Background of invention

The present invention relates to improved materials to improve their emissivity, be specifically related to improve for the method such as the emissivity of the metal of neither endothermic nor exothermic.

Material with high emissivity surface can be brought into play many useful effects, comprises effectively heat absorption and release.Specifically, in a large amount of devices of industrial reactor and heating furnace and so on, use electrical heating elements.The electric energy that is applied on these heating element heaters is converted into heat in described heating element heater, heat is sent to other object from described heating element heater, for example transfers to the part of described device, or by the workpiece of this device processing.

In many devices, radiation is a kind of important form of conducting heat.For example, be used in the reactor of process semiconductor wafers, the support of heating element heater and fixed wafer separates, by radiant heat transfer to this support transfer of heat.

In radiant heat transfer, the heat that transmits from heating element heater raises with the temperature of heating element heater to be increased, also can be directly along with the heating element heater emissivity changes.The caloric receptivity or the radiation-absorbing amount that are heated parts also meet this relation.To further discuss hereinafter, emissivity refers under uniform temp, the amount of radiation that launch on a certain surface and the in theory ratio of the amount of radiation of perfect emitting surface emission that is called as " black matrix ".The emissivity on a certain surface can be expressed as the percentage of black matrix emissivity.Heating element heater with higher emissivity can give off more energy under specified temp.Unfortunately, many have other and also have lower emissivity as material of the required character of heating element heater.

The method of the raising slin emissivity of at present the most extensive employing is that effects on surface carries out mechanical treatment, increasing surface area, and applies described surface with the high emissivity material.

Surface machinery is processed and is comprised various groove cuttings, rag and multi-form blasting treatment.These methods are difficult to control sometimes, sometimes can cause unacceptable result when using separately, and are particularly like this for the very thin parts of some stratie and so on.The most important thing is that the ability of their raising emissivity is very limited.For example, carry out after blasting treatment or the bead, the emissivity of molybdenum sheet material only increases to 20-25% from 14-15%.

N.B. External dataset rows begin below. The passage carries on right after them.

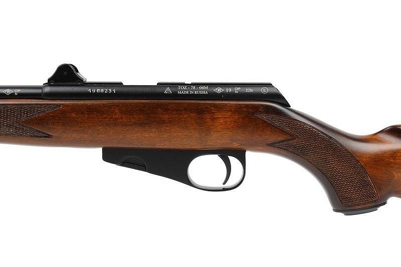 Благодаря тому, что надульная часть ствола имеет резьбу, можно установить на карабин ТОЗ-78-04М глушитель или иной аксессуар. Магазин рассчитан на 5–10 зарядов, затвор функционирует по продольно-скользящему принципу. Приспособление для прицеливания состоит из двух стандартных компонентов — мушки и целика, приклад и цевье изготовлены из березы.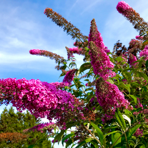 Le Buddleja davidii ‘Flutterby Red’ est un arbuste rustique et facile à entretenir. Arrosez régulièrement durant les deux premières années, surtout en été, pour maintenir un sol frais. Ensuite, il tolère bien la sécheresse. Appliquez un paillage au pied pour conserver l’humidité et limiter les mauvaises herbes. Taillez sévèrement en fin d’hiver ou au début du printemps, en rabattant les rameaux à 30-40 cm du sol, afin de stimuler la formation de nouvelles pousses vigoureuses et florifères. Supprimez les fleurs fanées au fil de la saison pour prolonger la floraison. Un apport de compost au printemps soutiendra sa vigueur. Ses longues panicules parfumées rouge magenta, très mellifères, attirent papillons et abeilles tout l’été jusqu’en automne, apportant vie et couleur au jardin.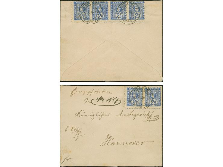 Mercur: 1889, 2½ Pfg. blau, zwei Einzelmarken vorderseitig und im waagerechten Viererstreifen rückseitig je mit Stempel “MERCUR HANNOVER 30.9.90” als tarifgerechte Mehrfachfrankatur auf R-Ortsbrief an das Amtsgericht in Hannover, in einwandfreier Erhaltung. Eine außergewöhnliche seltene Mehrfachfrankatur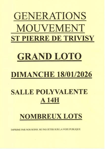 Nous vous attendons nombreux pour ce loto de l’association Générations mouvement !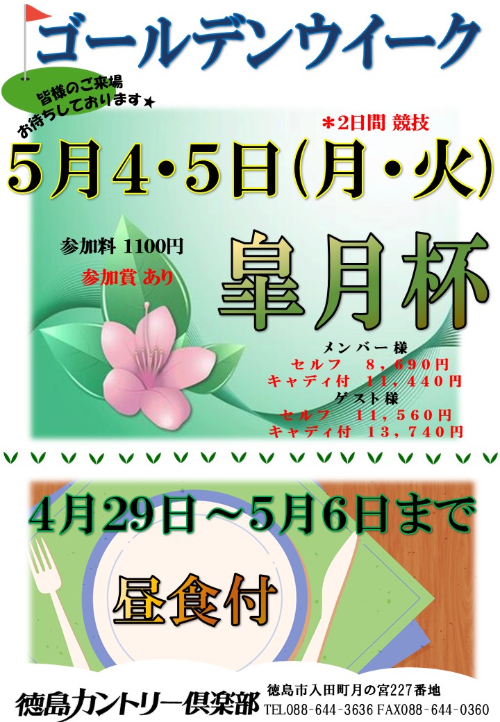 【メンバー様・ゲスト様】皐月杯開催のご案内(GW期間中:5/4,5/5)

The another kind of method that improves slin emissivity is the second material that has high emissivity in the coating of the surface of the first material.This is usually so that slin emissivity equals the emissivity of coating.This can at room temperature reach required higher emissivity, but coating at high temperature and the reliability under harsh heating, pressurization or reaction environment usually very low.A reason that causes this situation is the difference of the linear expansion coefficient between base material and the coating for example.After several thermal cycles, coating may begin to crack and peel off.The mechanical strength of many coatings is very low, be easy to install and operation in wiped off or owing to other reason comes off from the surface.At last, for the commercial Application of semiconductor, medical science, food, medicine etc. and so on, the material of coating is with the chemical compatibility of process environments and also have problems aspect the pollution of technique.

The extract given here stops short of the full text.